Ничего здесь не случается… никогда ничего… И я не могу с этим свыкнуться. Труднее всего выносить мне эту окаменелость, это однообразие… Хотелось бы уехать отсюда… Уехать?.. Но куда, как?.. Не знаю и остаюсь!..

Барыня нисколько не меняется: все такая же недоверчивая, педантичная, сухая… никогда ни одного порыва, ни одного непосредственного движения, ни одного проблеска веселья на окаменелом лице…

Барин ведет обычный образ жизни, и по некоторым данным я имею основание думать, что он мстит мне за мою суровость, хотя месть его не опасна… После завтрака, он одевает высокие сапоги, берет ружье и отправляется на охоту; в сумерки возвращается, разоблачается без моей помощи, и в девять часов ложится спать… Он все такой же увалень, комичный и безличный… Толстеет… Как могут богатые люди вести такую скупую жизнь?.. Иногда я спрашиваю себя относительно барина?.. На что бы он мне был нужен?.. Денег у него нет; удовольствия тоже вряд ли от него много… Разве только, что барыня не ревнива!..

Ужаснее всего в этом доме, это тишина… Я совершенно не могу к ней привыкнуть… И все же, несмотря на это, я привыкаю ходить на цыпочках, «летать по воздуху», как говорит Жозеф… Часто, среди мрачных стен этих темных коридоров, я кажусь сама себе каким-то призраком, привидением… Я задыхаюсь здесь… И все же живу!..
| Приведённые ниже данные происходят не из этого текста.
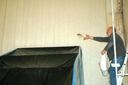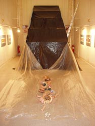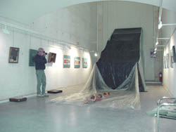 El movimiento del aire y de las películas negras, azules y tranparentes de polietileno por un ventilador visualiza el tema de la exposición: tot flueix.

Единственное мое развлечение, это отправляться в воскресенье, после обедни, к г же Гуэн, содержательнице бакалейной лавки. Чувство гадливости отталкивает меня от нее, но скука пересиливает, и я иду…

Там, по крайней мере, встречаются, собирается народ… Сплетничают, гогочут, шумят, потягивая стаканчики смородинной… Все-таки какая-то иллюзия жизни… И время проходит… Прошлое воскресенье я не встретила там одной постоянной посетительницы с крысиной мордочкой и гноящимися глазами… Осведомляюсь…
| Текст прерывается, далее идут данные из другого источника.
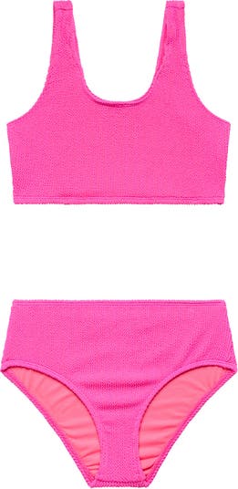 Your favorite youngster will be ready to splash and play in this matching two-piece swimsuit made with puckered texturing that lends dimension to the look.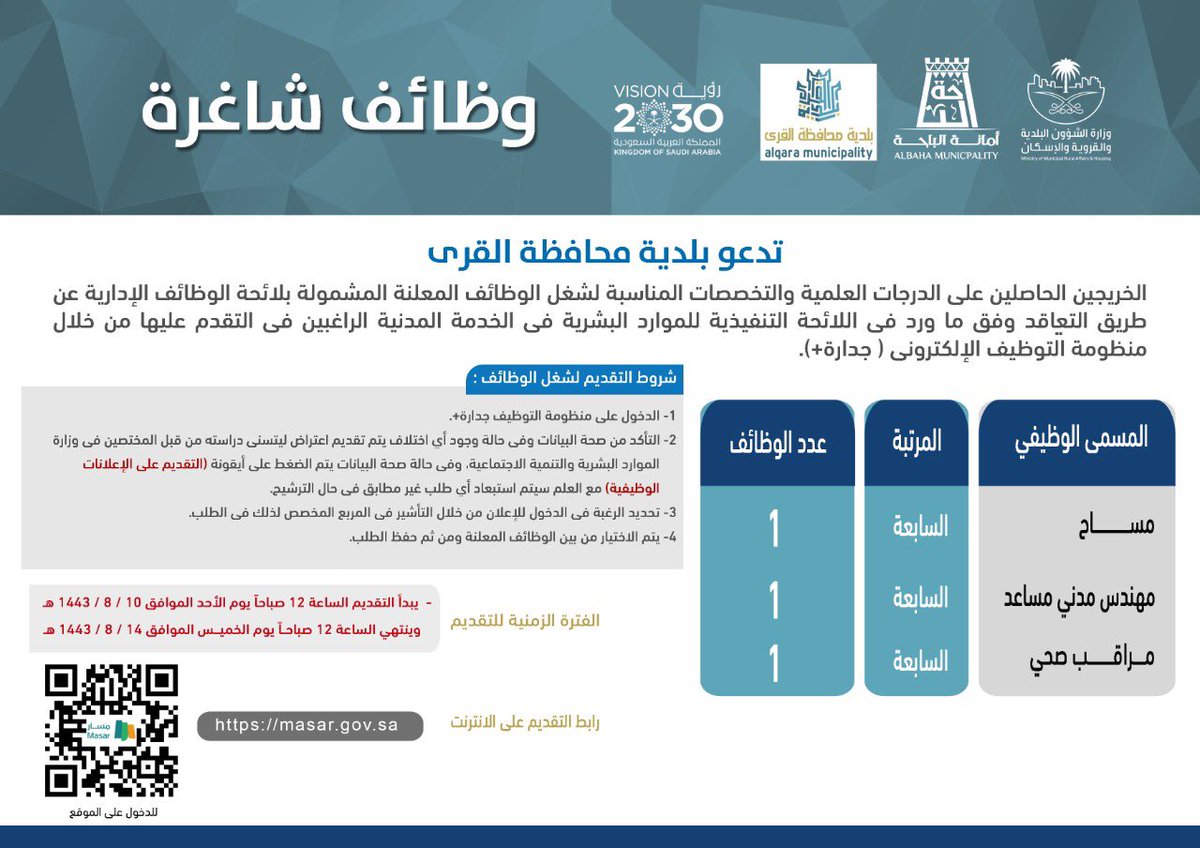 أمانة منطقة الباحة اعلنت عن توفر عدد 22 وظيفة هندسية وتقنية ومراقبين شاغرة بالمرتبة السابعة عبر بوابة جدارة وتدعو الخريجين الحاصلين على الدرجات العلمية والتخصصات المناسبة لشغل الوظائف المعلنة المشمولة بلائحة الوظائف الإدارية عن طريق التعاقد وفق ما ورد في اللائحة التنفيذية للموارد البشرية في الخدمة المدنية الراغبين في التقدم عليها من خلال منظومة التوظيف الإلكتروني (جدارة+) وذلك حسب التفاصيل المدونة أدناه :

— Ничего… пустяки… — отвечает бакалейщица тоном, которому она старается придать оттенок таинственности…

— Значит, она больна?..

— Да… но это сущий пустяк… Через два дня уже ничего не будет…

И мадемуазель Роза смотрит на меня испытующим взглядом, точно говоря:

— А! Видите! Это женщина очень опытная…

Как раз сегодня, у бакалейщицы, мне сообщили, что накануне охотники нашли в Районском лесу, под кучей ежевики и сухих листьев, чудовищно изнасилованный труп девочки… Говорят, что это дочь железнодорожного сторожа… В местечке ее звали маленькой Кларой… Немножко глупенькая, но милая, скромная девочка… Двенадцати лет ей еще не было. Славная находка, подумайте, для такого местечка… где каждую неделю пережевываются одни и те же сплетни… Теперь языки нашли себе пищу…

По словам Розы, всегда лучше осведомленной всех других, малютку Клару нашли с распоротым животом; из отверстия, проделанного поясом, вытекли внутренности… На затылке и горле явственно отпечатлелись следы пальцев душителя… Ее несчастные недоразвившиеся члены представляли одну сплошную опухшую рану, точно над ними орудовало — по выражению Розы — огромное топорище дровосека… На измятой стоптанной траве еще виднелось место совершения преступления… Случилось это, должно-быть, по меньшей мере неделю тому назад, потому что труп уж успел основательно разложиться…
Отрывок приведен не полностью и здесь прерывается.